Глядя на Ангелину, он все больше задумывался о судьбе молодого поколения: оно «еще не известно ни нам, ни себе», но «все-таки хорошая, хорошая молодежь. Им трудно, тяжело чрезвычайно. Если выживут, выйдут в люди».
Кое с кем из молодых ему доводилось встречаться и переписываться. Настойчиво, последовательно старался он привить им свое понимание жизни и искусства.
«Вы молоды и мало пережили. „Хаос в душе“, беспредметная тоска и „любовь к безликому“ должны пройти… Вспоминайте Толстого… Толстой всем нам теперь помогает и светит. „Декадентство“ любите поменьше. Если любите мои стихи, хочу Вам сказать, что я прошел через декадентство давно… Это я Вам пишу потому, что Вы адресуете письма в „Аполлон“ и, вероятно, читаете его; там рядом с хорошим – слишком много мертвого, вырожденного декадентства».
«Прочтя написанное Вами, я убедился, что Вы не обладаете никакой ценностью, которая могла бы углубить, оплодотворить или хотя бы указать путь Вашим смутным и слишком модным в наше время «исканиям» «отравленных мгновений» или «одинокого храма» для молитв «несозданным мечтам непостигаемых желаний». Все это устарело, лучше сказать, было вечно старо и ненужно… Кто прозорлив хоть немного, должен знать, что в трудный писательский путь нельзя пускаться налегке, а нужно иметь хоть в зачатке «Во Имя», которое бы освещало путь и питало творчество».

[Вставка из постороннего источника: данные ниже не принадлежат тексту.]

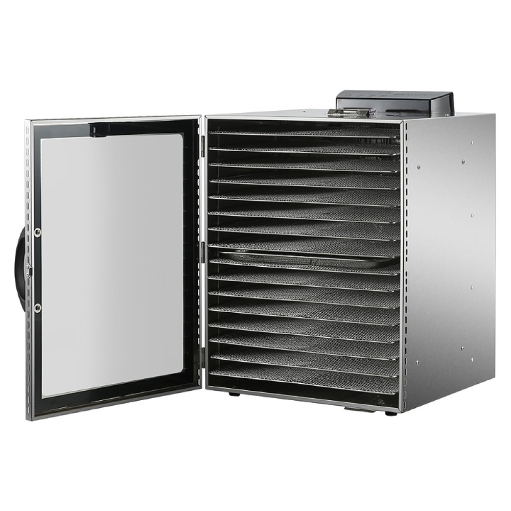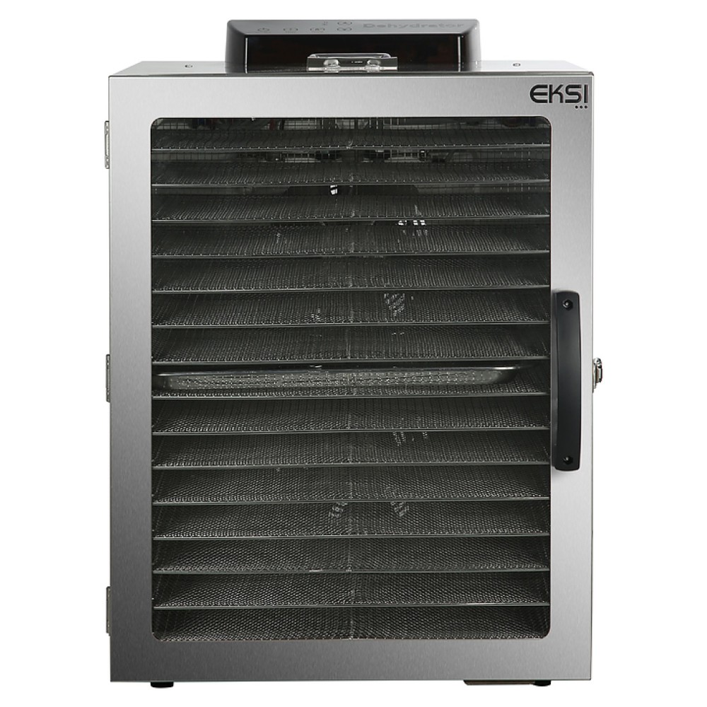 Дегидратор Eksi EKD-16G предназначен для сушки фруктов, овощей и грибов на предприятиях общественного питания и торговли. Модель оснащена цифровой панелью управления, таймером на 12 часов и 16 решетками. Корпус выполнен из нержавеющей стали.

«Мне радостно, что Вы в моих стихах читаете радость; это и есть лучшее, что я могу дать… Если будете сильны и чисты, жизнь Вам откроется, Вы в нее войдете и поймете, что, несмотря на все, что было, что есть и что будет, она исполнена чудес и прекрасна»,
«Вы не думайте нарочито о „крошечном“, думайте о большом. Тогда, может быть, выйдет подлинное, хотя бы и крошечное».
«Ваше письмо меня серьезно обрадовало. Очень ярко бросается в глаза борьба, происходящая в Вас: борьба старого, нейрастенического, самолюбивого, узкого, декадентского – с новым – здоровым, мужественным, почувствовавшим наконец, что мир безмерно больше и прекраснее, чем каждый из нас».

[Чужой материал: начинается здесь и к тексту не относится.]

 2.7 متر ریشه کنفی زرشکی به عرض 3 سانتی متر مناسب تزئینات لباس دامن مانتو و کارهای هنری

«Вы сами пока мне понравились больше стихов, а это, я думаю, всегда важнее. Без человека (когда в авторе нет „человека“) стихи – один пар».
«Кому не одиноко? Всем тяжело. Переносить эту тяжесть помогает только обладание своей атмосферой, хранение своего круга, и чем шире круг, чем больше он захватывает, тем более творческой становится жизнь».

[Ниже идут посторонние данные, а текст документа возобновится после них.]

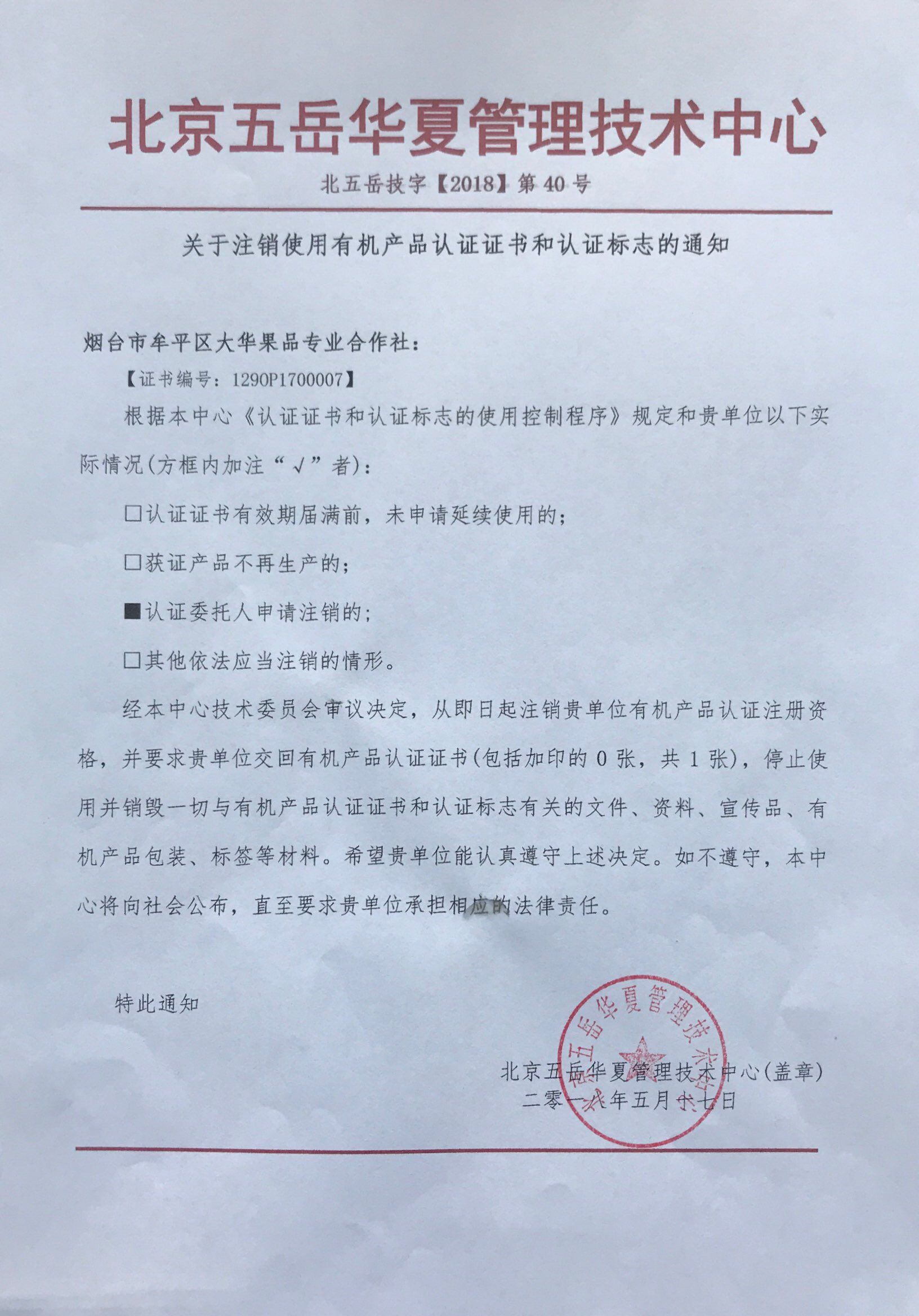 关于注销烟台牟平区大华果品专业合作社有机产品认证证书和认证标志的通知

«Вы говорите: „Есть сладкая тоска стихов“, „Без них – жить на свете тоска, просто дрянь“. Я говорю Вам: понимаю Вас, но не хочу знать этого. Мы пришли не тосковать и не отдыхать. Человек есть будущее. Когда же начинает преобладать прошедшее… то человеку, младенцу, юноше и мужу в нас, грозит опасность быть перенесенным в Елисейские поля. Пусть там все благоуханно, пусть самый воздух синеет блаженством, – одно непоправимо: нет будущего. Значит, нет человека».
Ах, если бы он сам был столь же последовательным, каким хотел видеть каждого из своих юных корреспондентов! И все же главным и решающим было выношенное в противоборстве тоски и надежды, отчаянья и веры убеждение: «Жить можно только будущим», «Я все больше верю в будущее: чем меньше в личное, тем больше в общее».
И все уж не мое, а наше,
И с миром утвердилась связь…
А коли так, за будущее нужно бороться. Страшный мир источает смертельный яд. Но есть и верное противоядие: кровь не желтеет, когда человеком владеют борьба и страсть, огонь и тревога. «Мир движется музыкой, страстью, пристрастием, силой», «Надо, чтобы жизнь менялась».
Блок нашел для себя точную формулу и боевой лозунг, – нашел в стихах Тютчева:
Мужайтесь, о други, боритесь прилежно,
Хоть бой и неравен – борьба безнадежна!..
И он так толковал эти стихи: «Смысл трагедии – безнадежность борьбы; но тут нет отчаянья, вялости, опускания рук. Требуется высокое посвящение».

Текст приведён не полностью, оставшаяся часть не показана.